Bob Abberley of the health union Unison described the 1 per cent rise as "an appalling national scandal".

He said: "The nurses have been betrayed by this Government. A 1 per cent increase will give a staff nurse an insulting £2.17 extra a week." The union is launching a national campaign to force the Government to offer at least 2.5per cent.

An RCN spokesman said that it was not even clear whether hard-up NHS trusts would pay the minimum 0.5 per cent and whether or not the Government had the power to force them to do so.

"From April there is a 4.3 per cent increase in the NHS budget made up of 3 per cent efficiency savings and 1.3 per cent of new money. There is more than enough money for the trusts to pay the full 3 per cent. The award is extremely disappointing when nursing activity has done an awful lot to produce the increase in the productivity in the hospitals which Mrs Bottomley is so proud of."

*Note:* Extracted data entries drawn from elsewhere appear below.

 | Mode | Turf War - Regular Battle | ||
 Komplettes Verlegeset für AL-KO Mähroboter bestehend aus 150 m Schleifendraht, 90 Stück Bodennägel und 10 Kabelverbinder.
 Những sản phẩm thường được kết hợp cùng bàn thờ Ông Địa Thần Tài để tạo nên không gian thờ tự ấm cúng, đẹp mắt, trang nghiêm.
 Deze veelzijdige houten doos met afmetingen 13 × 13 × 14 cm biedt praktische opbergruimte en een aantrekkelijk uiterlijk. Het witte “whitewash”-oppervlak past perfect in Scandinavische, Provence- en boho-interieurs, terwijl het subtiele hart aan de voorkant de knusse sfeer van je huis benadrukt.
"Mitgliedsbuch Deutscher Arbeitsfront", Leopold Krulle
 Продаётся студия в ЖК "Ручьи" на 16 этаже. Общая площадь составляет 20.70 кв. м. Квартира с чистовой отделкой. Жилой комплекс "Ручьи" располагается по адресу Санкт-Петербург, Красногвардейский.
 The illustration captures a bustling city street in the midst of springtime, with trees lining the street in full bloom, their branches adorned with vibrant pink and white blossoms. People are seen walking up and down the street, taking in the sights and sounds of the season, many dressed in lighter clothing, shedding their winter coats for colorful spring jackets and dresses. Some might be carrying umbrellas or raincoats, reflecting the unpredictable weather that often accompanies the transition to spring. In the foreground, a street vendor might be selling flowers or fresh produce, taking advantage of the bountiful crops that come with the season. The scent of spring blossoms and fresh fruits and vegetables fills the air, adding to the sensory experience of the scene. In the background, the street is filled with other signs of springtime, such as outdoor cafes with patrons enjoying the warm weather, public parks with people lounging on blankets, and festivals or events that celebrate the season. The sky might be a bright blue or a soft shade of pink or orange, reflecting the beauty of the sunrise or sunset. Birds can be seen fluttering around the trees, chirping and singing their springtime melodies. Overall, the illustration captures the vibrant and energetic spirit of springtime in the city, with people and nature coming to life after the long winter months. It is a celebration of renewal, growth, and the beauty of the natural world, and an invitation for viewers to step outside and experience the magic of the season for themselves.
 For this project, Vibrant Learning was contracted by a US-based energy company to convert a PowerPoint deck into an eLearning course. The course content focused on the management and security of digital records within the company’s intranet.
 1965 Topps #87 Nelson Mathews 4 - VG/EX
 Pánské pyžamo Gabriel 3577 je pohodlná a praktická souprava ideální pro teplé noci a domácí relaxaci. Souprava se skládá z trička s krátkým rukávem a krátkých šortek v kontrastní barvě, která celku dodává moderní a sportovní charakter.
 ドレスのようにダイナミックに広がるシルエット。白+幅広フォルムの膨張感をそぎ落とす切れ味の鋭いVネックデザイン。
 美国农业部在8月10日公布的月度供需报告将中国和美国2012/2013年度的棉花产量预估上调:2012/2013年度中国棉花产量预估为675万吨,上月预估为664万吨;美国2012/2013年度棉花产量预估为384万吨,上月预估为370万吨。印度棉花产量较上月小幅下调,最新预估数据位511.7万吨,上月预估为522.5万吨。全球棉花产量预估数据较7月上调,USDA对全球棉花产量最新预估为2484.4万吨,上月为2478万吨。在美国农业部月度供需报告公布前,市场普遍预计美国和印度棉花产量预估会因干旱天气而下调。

Doreen Norris, senior staff nurse in the paediatric accident and emergency department at Lewisham hospital, south London, said: "This will drive morale even lower. Basic salary for a staff nurse is £11,320 - this will not cover the increase in mortgages or taxes. If they can find the money for doctors they can find it for nurses."

A staff nurse (grade D) earning £11,320 will get £11,435, a rise of £115, and a sister on £13,640 will get £13,770. From April, no consultant will earn less than £40,620 - the current minimum is £39,625.

It seems clear that nurses, already demoralised by staff shortages and short-term contracts and in no mood to fight, have born the brunt of the consultants' powerful opposition to local pay bargaining. Since the summer they have shown every sign of beingprepared to do battle with the Government.

While the British Medical Association responded tepidly to the 2.5 per cent award, there is no doubt that it is claiming victory. One aspect will be negotiated locally. It relates to 5 per cent of consultants who have already opted out and negotiate their pay directly with their managers. This group is being allowed to negotiate increases of up to 5 per cent.

But as the hospital doctors' dispute fades, the GPs responded angrily. Dr Ian Bogle, chairman of the BMA GPs' committee, sought an urgent meeting with the Secretary of State on out-of-hours working. "In the meantime, the committee will be taking steps toprepare for action in its battle to prevent the demise of the out-of-hours service.

"I am bitterly disappointed that the review body report and the Government's announcement do not provide a solution to the growing crisis facing the GPs' night-visits system."

The GPs say there must be extra money to fund the increased demand for home visits and have already rejected a government scheme to pay them £2,000 a year and £9 per visit instead of the £45 that senior GPs now receive for going to patients' homes.

t Dentists, who are to receive 2.5 per cent, said that the award would have little effect on the financial viability of practices. The profession was still waiting for the Government to announce its plans on the future of dentistry.